#### Information provided ####

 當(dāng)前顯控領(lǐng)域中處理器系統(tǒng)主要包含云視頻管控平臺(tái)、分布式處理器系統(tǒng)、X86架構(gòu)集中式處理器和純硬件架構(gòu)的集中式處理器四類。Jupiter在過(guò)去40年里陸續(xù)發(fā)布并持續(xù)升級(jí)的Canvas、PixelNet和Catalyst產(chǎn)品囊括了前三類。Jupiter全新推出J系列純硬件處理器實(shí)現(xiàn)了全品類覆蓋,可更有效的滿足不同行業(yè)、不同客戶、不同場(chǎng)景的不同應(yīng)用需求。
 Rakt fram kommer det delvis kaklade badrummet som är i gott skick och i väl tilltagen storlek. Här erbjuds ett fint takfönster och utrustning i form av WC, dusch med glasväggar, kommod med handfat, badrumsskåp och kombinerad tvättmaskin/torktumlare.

####
#### Information provided ####

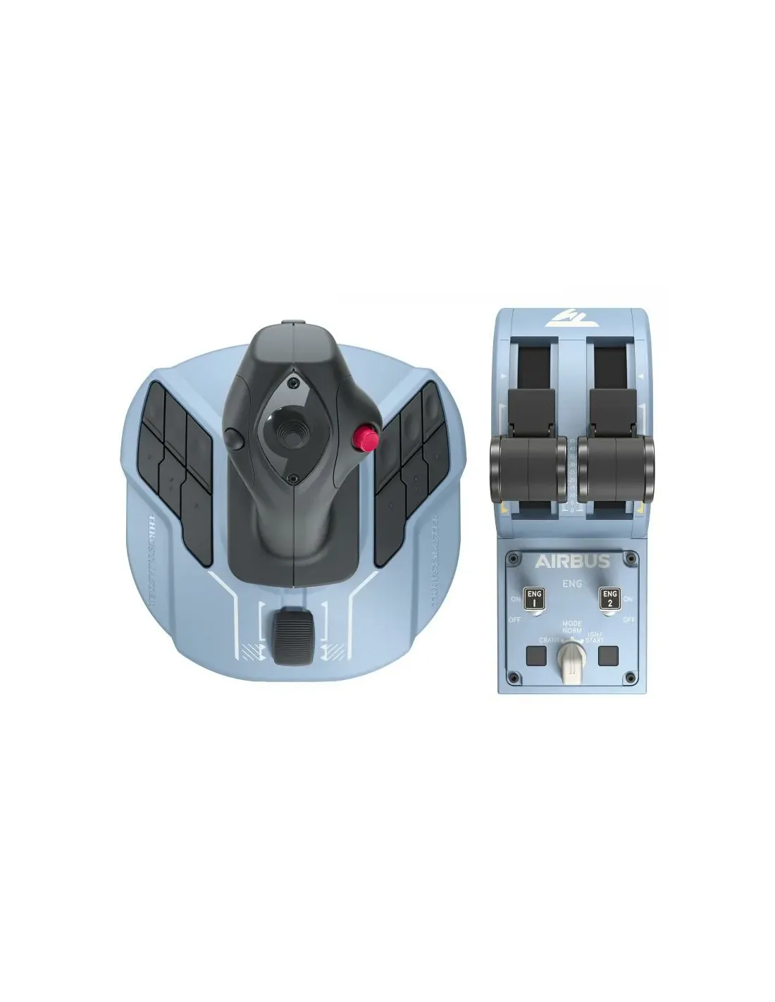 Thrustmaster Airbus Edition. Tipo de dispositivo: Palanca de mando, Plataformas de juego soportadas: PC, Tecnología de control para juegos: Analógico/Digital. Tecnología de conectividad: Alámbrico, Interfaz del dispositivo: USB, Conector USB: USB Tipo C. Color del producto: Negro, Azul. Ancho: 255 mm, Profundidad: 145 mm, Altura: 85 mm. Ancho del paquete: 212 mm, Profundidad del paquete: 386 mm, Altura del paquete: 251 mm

####

• Task instructions: Look back at the data above. Transcribe exactly the lines starting at the line that contains "當(dāng)前顯控領(lǐ" and ending at the line that contains "Rakt fram kommer".

• Exercise solution:
 當(dāng)前顯控領(lǐng)域中處理器系統(tǒng)主要包含云視頻管控平臺(tái)、分布式處理器系統(tǒng)、X86架構(gòu)集中式處理器和純硬件架構(gòu)的集中式處理器四類。Jupiter在過(guò)去40年里陸續(xù)發(fā)布并持續(xù)升級(jí)的Canvas、PixelNet和Catalyst產(chǎn)品囊括了前三類。Jupiter全新推出J系列純硬件處理器實(shí)現(xiàn)了全品類覆蓋,可更有效的滿足不同行業(yè)、不同客戶、不同場(chǎng)景的不同應(yīng)用需求。
 Rakt fram kommer det delvis kaklade badrummet som är i gott skick och i väl tilltagen storlek. Här erbjuds ett fint takfönster och utrustning i form av WC, dusch med glasväggar, kommod med handfat, badrumsskåp och kombinerad tvättmaskin/torktumlare.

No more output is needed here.